• DATA EXTRACTS

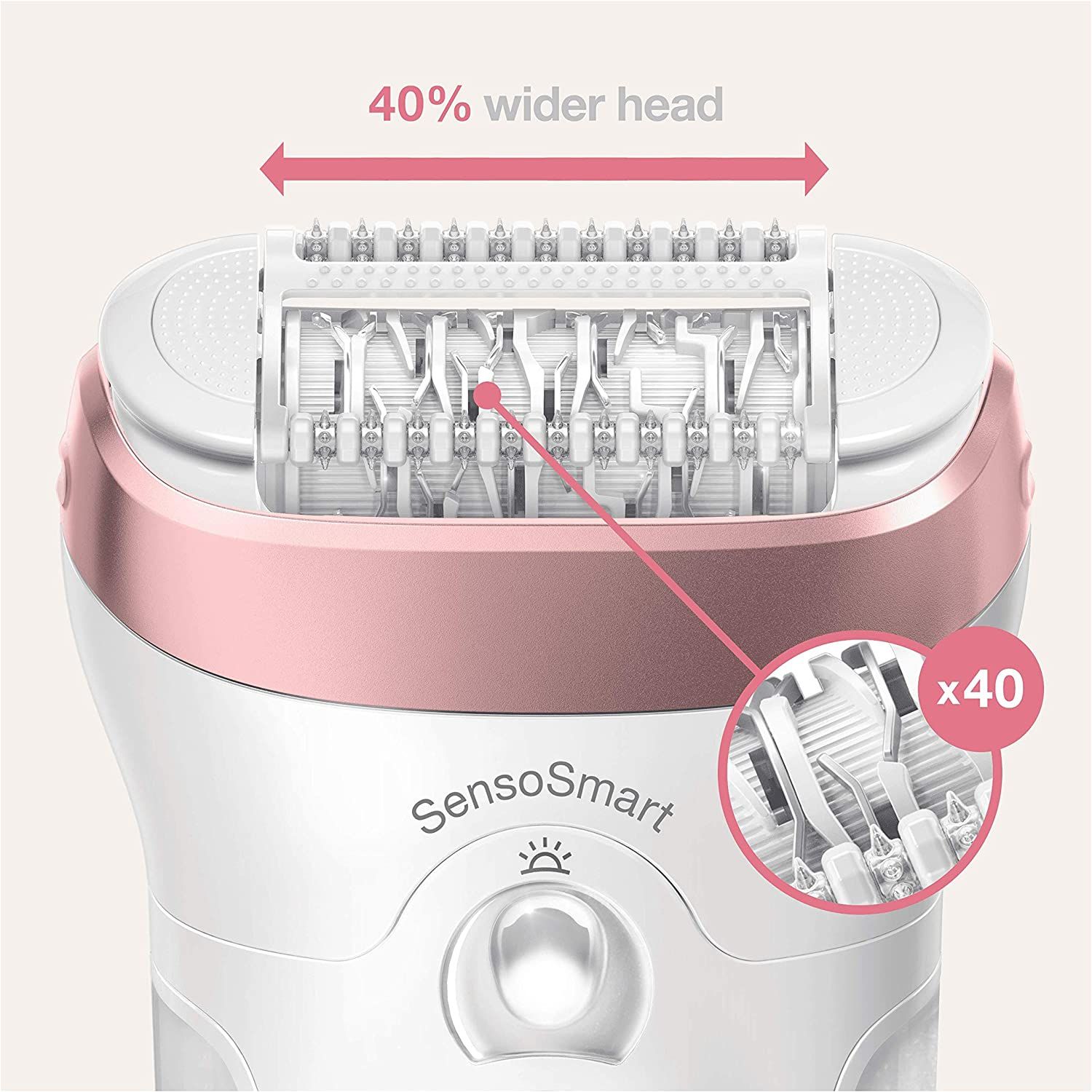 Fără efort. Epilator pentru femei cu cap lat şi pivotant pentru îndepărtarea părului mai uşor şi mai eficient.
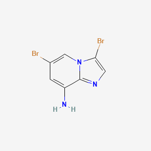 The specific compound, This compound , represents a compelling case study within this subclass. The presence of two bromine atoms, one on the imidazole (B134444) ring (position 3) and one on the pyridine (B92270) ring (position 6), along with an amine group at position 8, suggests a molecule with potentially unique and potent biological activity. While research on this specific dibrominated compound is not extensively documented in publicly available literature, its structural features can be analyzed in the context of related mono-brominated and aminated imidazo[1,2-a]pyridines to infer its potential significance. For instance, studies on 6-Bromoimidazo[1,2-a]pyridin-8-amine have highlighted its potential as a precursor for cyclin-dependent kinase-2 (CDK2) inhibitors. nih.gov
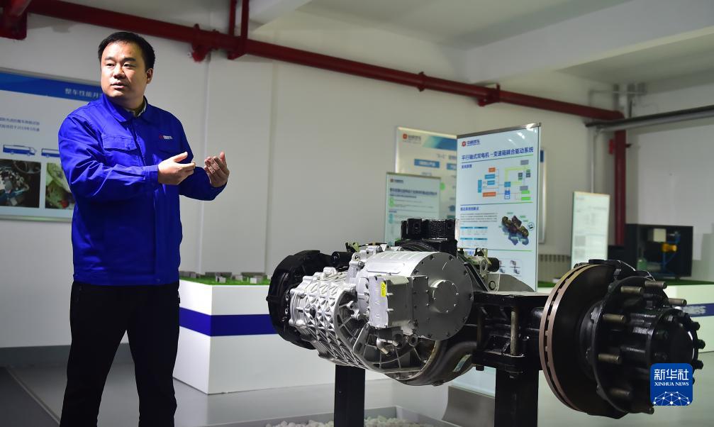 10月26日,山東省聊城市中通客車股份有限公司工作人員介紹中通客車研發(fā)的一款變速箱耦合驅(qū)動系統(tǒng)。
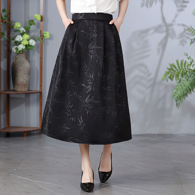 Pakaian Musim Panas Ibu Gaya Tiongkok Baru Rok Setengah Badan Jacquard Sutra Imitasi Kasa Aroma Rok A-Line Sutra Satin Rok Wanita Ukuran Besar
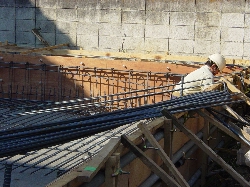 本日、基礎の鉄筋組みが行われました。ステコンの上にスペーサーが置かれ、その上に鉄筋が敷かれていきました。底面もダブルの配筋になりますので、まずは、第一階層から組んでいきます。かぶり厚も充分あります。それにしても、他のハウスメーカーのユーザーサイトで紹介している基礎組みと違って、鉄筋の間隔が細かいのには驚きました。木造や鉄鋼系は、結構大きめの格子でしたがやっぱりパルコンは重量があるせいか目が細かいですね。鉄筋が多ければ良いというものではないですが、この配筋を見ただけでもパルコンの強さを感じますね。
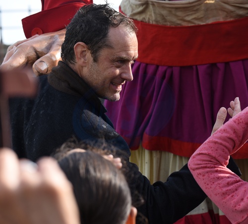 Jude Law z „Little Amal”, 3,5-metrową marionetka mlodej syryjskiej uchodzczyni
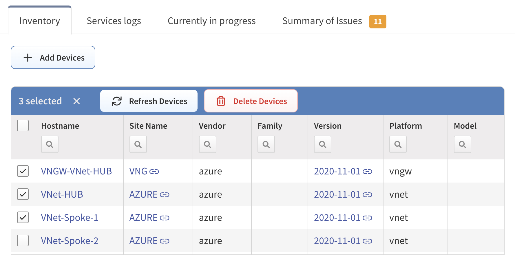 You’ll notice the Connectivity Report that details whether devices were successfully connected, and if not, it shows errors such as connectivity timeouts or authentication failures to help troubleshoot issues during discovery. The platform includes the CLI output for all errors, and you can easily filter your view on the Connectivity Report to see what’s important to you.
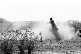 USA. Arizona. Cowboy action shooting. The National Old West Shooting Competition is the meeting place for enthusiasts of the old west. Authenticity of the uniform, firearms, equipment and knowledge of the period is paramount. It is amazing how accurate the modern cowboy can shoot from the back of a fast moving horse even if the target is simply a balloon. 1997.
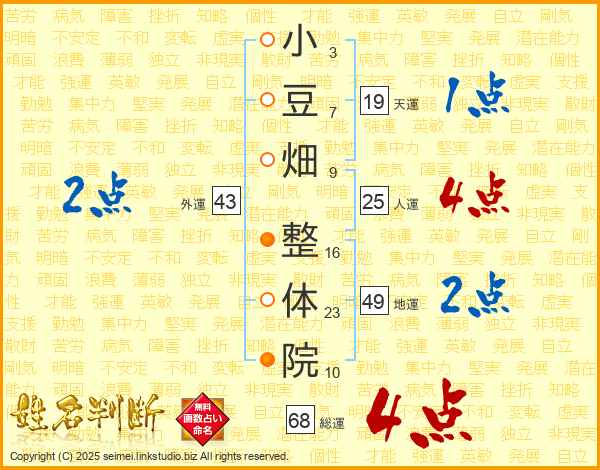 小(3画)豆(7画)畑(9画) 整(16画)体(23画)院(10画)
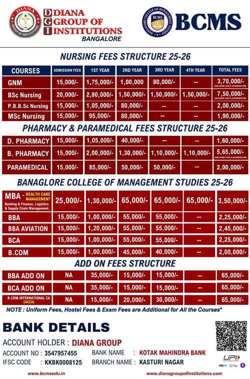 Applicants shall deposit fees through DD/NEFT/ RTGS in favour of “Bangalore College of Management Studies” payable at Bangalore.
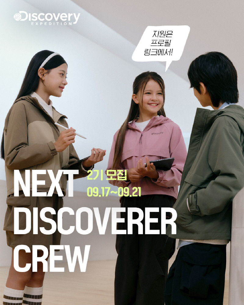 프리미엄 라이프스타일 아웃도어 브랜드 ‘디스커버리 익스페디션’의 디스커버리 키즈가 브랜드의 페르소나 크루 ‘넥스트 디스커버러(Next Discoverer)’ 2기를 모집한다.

• PROBLEM STATEMENT
The goal is an exact reprint of the entries, leaving out the pictures.

• OUTPUT BELOW
 Fără efort. Epilator pentru femei cu cap lat şi pivotant pentru îndepărtarea părului mai uşor şi mai eficient.
 The specific compound, This compound , represents a compelling case study within this subclass. The presence of two bromine atoms, one on the imidazole (B134444) ring (position 3) and one on the pyridine (B92270) ring (position 6), along with an amine group at position 8, suggests a molecule with potentially unique and potent biological activity. While research on this specific dibrominated compound is not extensively documented in publicly available literature, its structural features can be analyzed in the context of related mono-brominated and aminated imidazo[1,2-a]pyridines to infer its potential significance. For instance, studies on 6-Bromoimidazo[1,2-a]pyridin-8-amine have highlighted its potential as a precursor for cyclin-dependent kinase-2 (CDK2) inhibitors. nih.gov
 10月26日,山東省聊城市中通客車股份有限公司工作人員介紹中通客車研發(fā)的一款變速箱耦合驅(qū)動系統(tǒng)。
 Pakaian Musim Panas Ibu Gaya Tiongkok Baru Rok Setengah Badan Jacquard Sutra Imitasi Kasa Aroma Rok A-Line Sutra Satin Rok Wanita Ukuran Besar
 本日、基礎の鉄筋組みが行われました。ステコンの上にスペーサーが置かれ、その上に鉄筋が敷かれていきました。底面もダブルの配筋になりますので、まずは、第一階層から組んでいきます。かぶり厚も充分あります。それにしても、他のハウスメーカーのユーザーサイトで紹介している基礎組みと違って、鉄筋の間隔が細かいのには驚きました。木造や鉄鋼系は、結構大きめの格子でしたがやっぱりパルコンは重量があるせいか目が細かいですね。鉄筋が多ければ良いというものではないですが、この配筋を見ただけでもパルコンの強さを感じますね。
 Jude Law z „Little Amal”, 3,5-metrową marionetka mlodej syryjskiej uchodzczyni
 You’ll notice the Connectivity Report that details whether devices were successfully connected, and if not, it shows errors such as connectivity timeouts or authentication failures to help troubleshoot issues during discovery. The platform includes the CLI output for all errors, and you can easily filter your view on the Connectivity Report to see what’s important to you.
 USA. Arizona. Cowboy action shooting. The National Old West Shooting Competition is the meeting place for enthusiasts of the old west. Authenticity of the uniform, firearms, equipment and knowledge of the period is paramount. It is amazing how accurate the modern cowboy can shoot from the back of a fast moving horse even if the target is simply a balloon. 1997.
 小(3画)豆(7画)畑(9画) 整(16画)体(23画)院(10画)
 Applicants shall deposit fees through DD/NEFT/ RTGS in favour of “Bangalore College of Management Studies” payable at Bangalore.
 프리미엄 라이프스타일 아웃도어 브랜드 ‘디스커버리 익스페디션’의 디스커버리 키즈가 브랜드의 페르소나 크루 ‘넥스트 디스커버러(Next Discoverer)’ 2기를 모집한다.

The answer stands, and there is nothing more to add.